Как только машина рыжего уехала из двора, мы с Гараниным выскочили из квартиры и побежали к моей «канарейке».
— Я не понял! — он остановился перед моим желтым матизом, — мы на этой табуретке поедем?
— Можешь остаться, — невозмутимо сказала я, открывая дверь и усаживаясь за руль.
Гаранин нехотя сунулся вперед на пассажирское сиденье.
— Назад ныряй и спрячься. Вылезешь, как из города выедем, — скомандовала я, заводя машину.
До цели нашего путешествия доехали часам к десяти утра. Я припарковалась у гостиницы, которую указал Гаранин.
— Вот здесь, — он почти скакал от нетерпения на пассажирском сидении, — идем, спросим у администратора, видела ли она меня и с кем.

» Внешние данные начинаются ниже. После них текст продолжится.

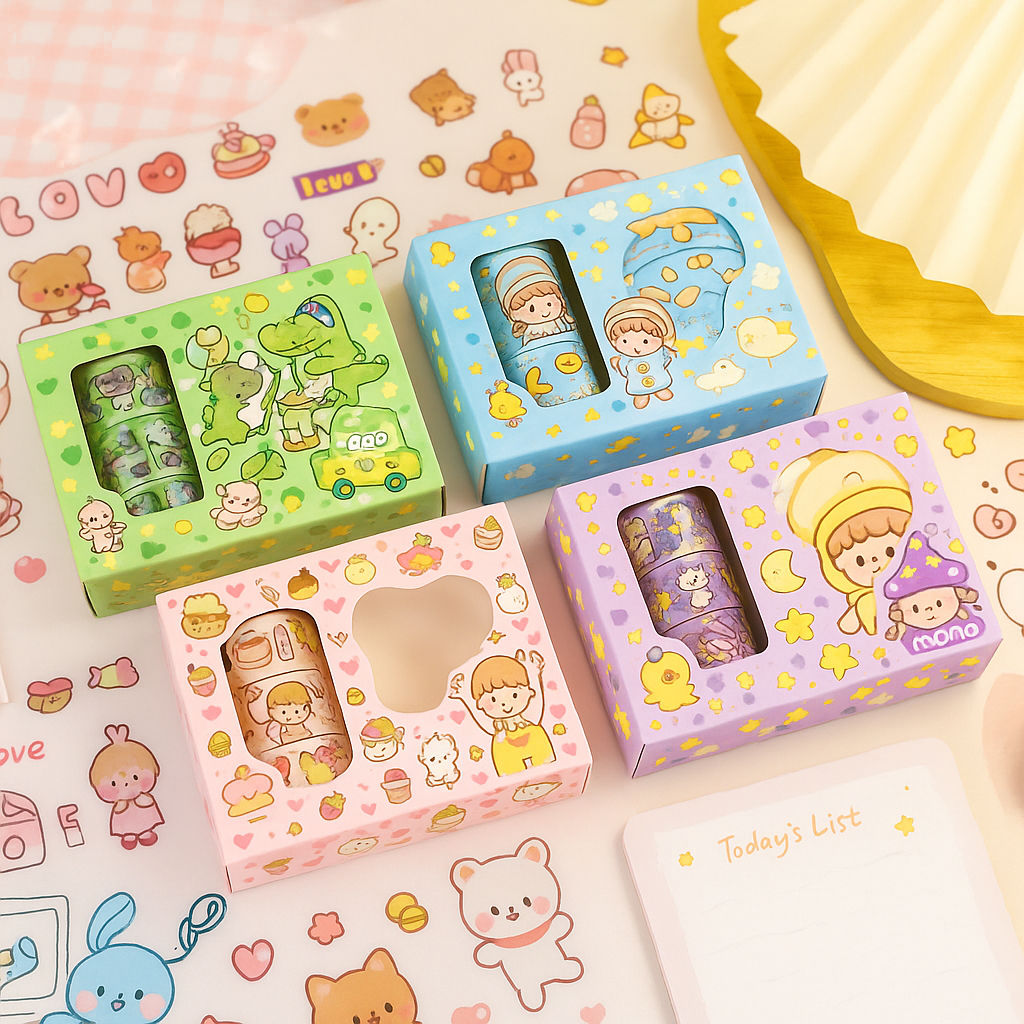 1 Box Sticker Momo (10 lembar stiker potong + 4 roll washi tape)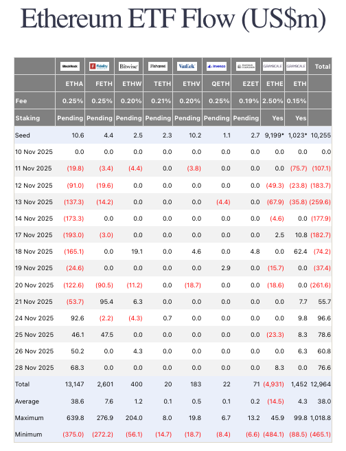 En parallèle, les flux ETF Ethereum sont clairement sortants.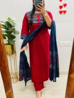Color: Intense Ruby Red Kurta with a Navy Blue and cream printed dupatta.
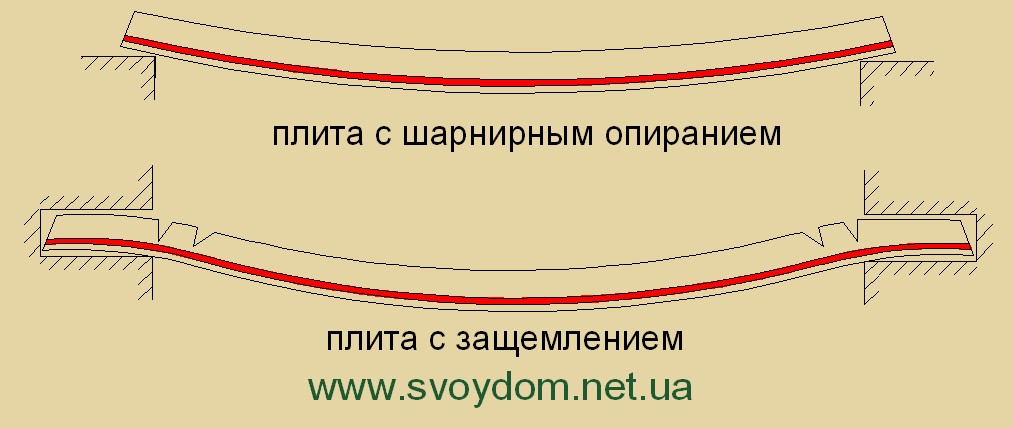 Рассмотрим на рисунке, к чему приводит защемление плиты на опоре.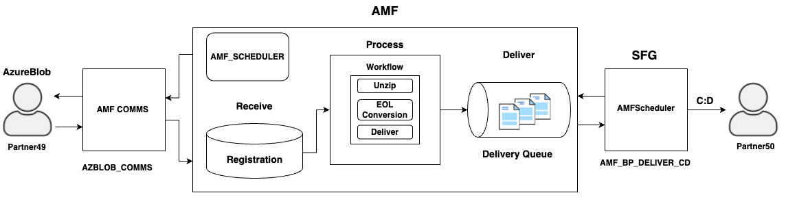 **Use Case:**  We run Schedule to get file from Partner49 (Sender) folder to SFG via Azure blob Protocol, we use Actions Unzip, EOL Conversion and Deliver those files to the Partner50 (Receiver) using CD Protocol via AMF.&#x20;

— Вот прямо так и будем спрашивать, — ехидненько сказала я, — сиди здесь.
Я вышла из машины, оставив его возмущаться. Зашла в гостиницу и направилась к стойке регистрации. На меня лениво подняла глаза администратор.
Знаете, лица у людей разные, но у всех есть эмоции, которые меняются: радость, грусть, недовольство, злоба, доброта — мы как будто маски меняем. А есть люди, у которых с детства выражение лица неизменно. Была у меня такая знакомая. Недовольное выражение лица никогда не менялось с самого детства. Даже подобие улыбки его не меняло.
Администратор гостиницы была из той же категории людей. С той лишь разницей, что выражение лица у нее было вечно грустное. Этакая снулая рыба печальная. Худенькая, какая-то зажатая в плечах. Черные волосы подстрижены под каре. Уголки карих глаз опущены книзу, так же, как и уголки рта. Взгляд тяжелый и безразличный, как будто живет она на белом свете лет сто, все ей известно и все ей надоело.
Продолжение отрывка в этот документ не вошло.